■ Problem details: Extract the opening line of the entries and every line after it, stopping at and including the line that contains "Szczeliny o różnej". Do not include pictures.

━━━

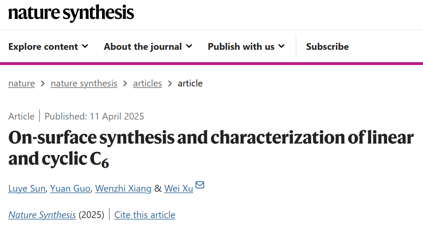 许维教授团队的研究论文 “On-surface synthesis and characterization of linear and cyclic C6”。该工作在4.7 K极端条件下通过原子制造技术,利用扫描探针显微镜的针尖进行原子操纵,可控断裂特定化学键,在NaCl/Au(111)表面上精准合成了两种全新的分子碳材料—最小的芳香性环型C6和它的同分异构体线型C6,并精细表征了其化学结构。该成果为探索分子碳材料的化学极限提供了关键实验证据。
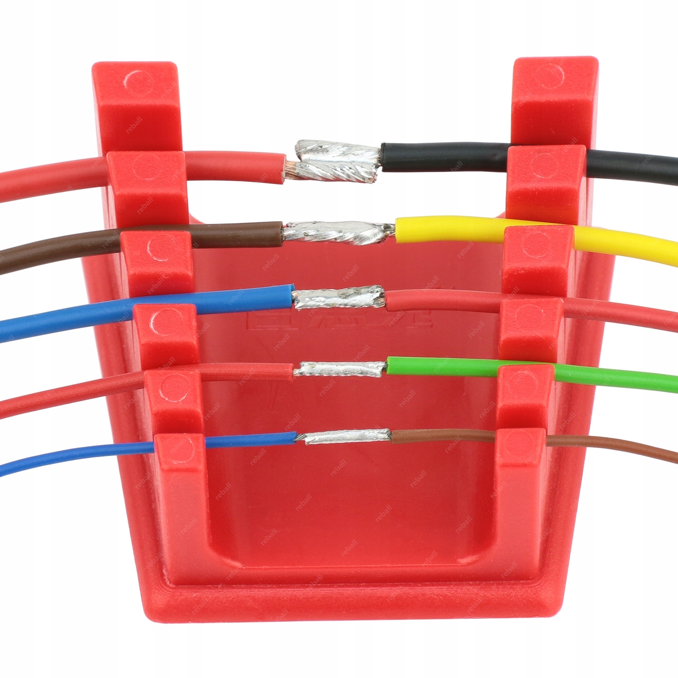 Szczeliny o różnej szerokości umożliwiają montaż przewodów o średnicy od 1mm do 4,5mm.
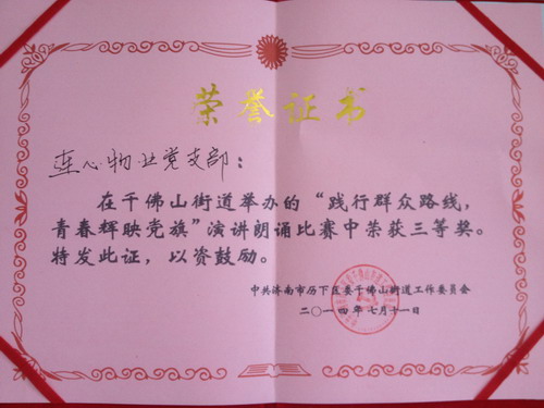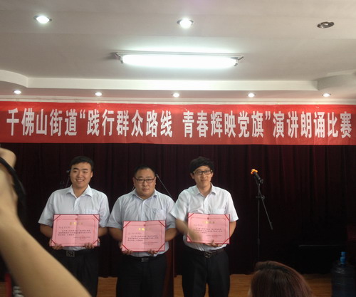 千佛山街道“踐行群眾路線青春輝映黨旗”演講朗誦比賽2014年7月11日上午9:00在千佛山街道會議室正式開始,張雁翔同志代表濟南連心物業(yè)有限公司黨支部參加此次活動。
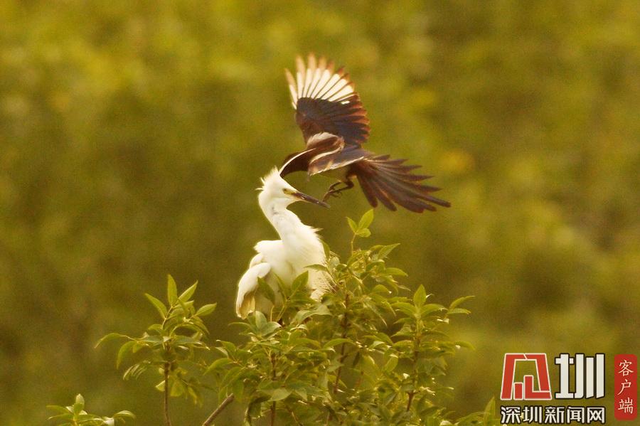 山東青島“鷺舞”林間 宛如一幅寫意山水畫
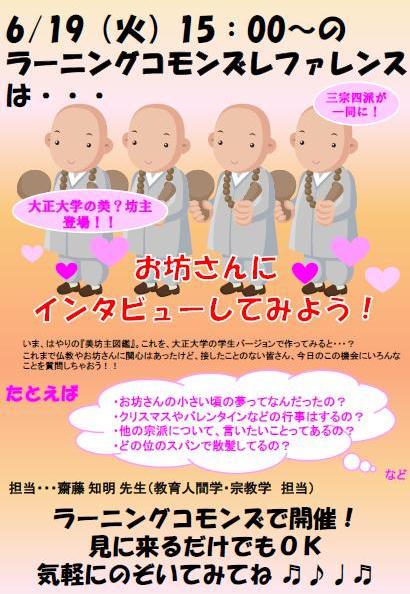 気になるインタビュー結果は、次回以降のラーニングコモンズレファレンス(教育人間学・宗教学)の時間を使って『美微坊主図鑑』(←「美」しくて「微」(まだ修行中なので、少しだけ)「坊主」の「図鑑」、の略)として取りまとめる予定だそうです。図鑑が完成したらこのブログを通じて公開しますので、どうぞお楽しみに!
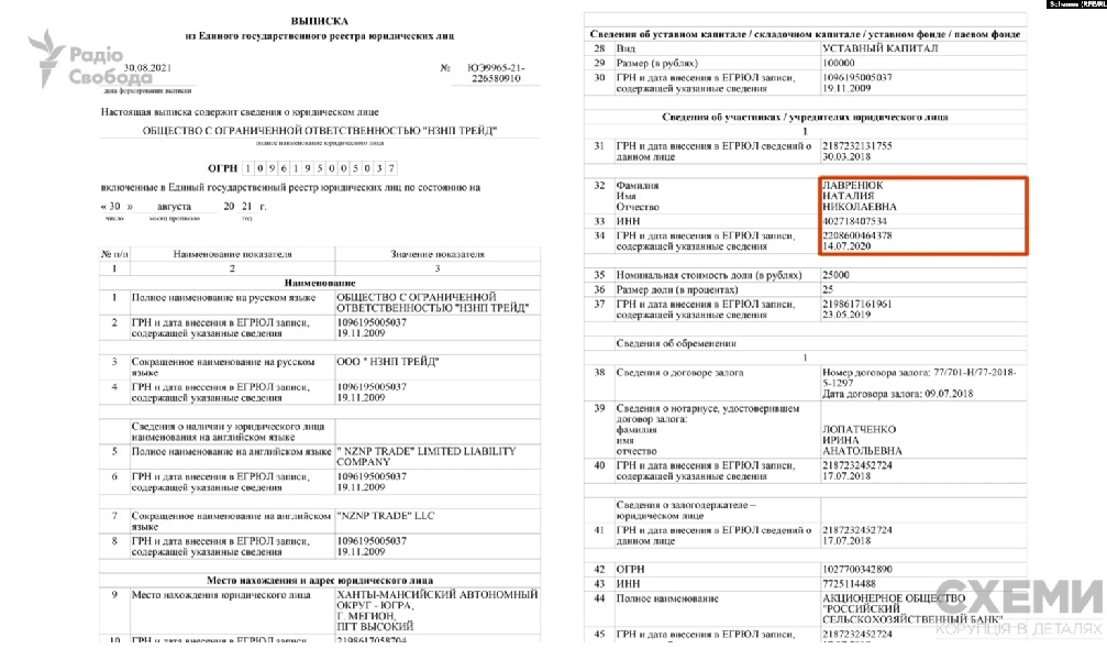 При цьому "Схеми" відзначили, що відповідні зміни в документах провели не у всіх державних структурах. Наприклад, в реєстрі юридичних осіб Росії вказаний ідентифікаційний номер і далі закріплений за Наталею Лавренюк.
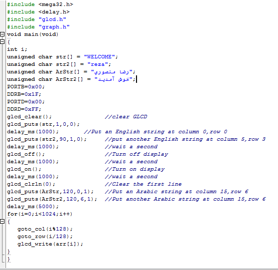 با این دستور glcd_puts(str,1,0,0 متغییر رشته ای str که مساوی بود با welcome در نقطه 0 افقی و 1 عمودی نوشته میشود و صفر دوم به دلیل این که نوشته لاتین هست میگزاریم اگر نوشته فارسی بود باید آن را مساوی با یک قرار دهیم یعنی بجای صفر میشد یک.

━━━

■ Result for this exercise:
 许维教授团队的研究论文 “On-surface synthesis and characterization of linear and cyclic C6”。该工作在4.7 K极端条件下通过原子制造技术,利用扫描探针显微镜的针尖进行原子操纵,可控断裂特定化学键,在NaCl/Au(111)表面上精准合成了两种全新的分子碳材料—最小的芳香性环型C6和它的同分异构体线型C6,并精细表征了其化学结构。该成果为探索分子碳材料的化学极限提供了关键实验证据。
 Szczeliny o różnej szerokości umożliwiają montaż przewodów o średnicy od 1mm do 4,5mm.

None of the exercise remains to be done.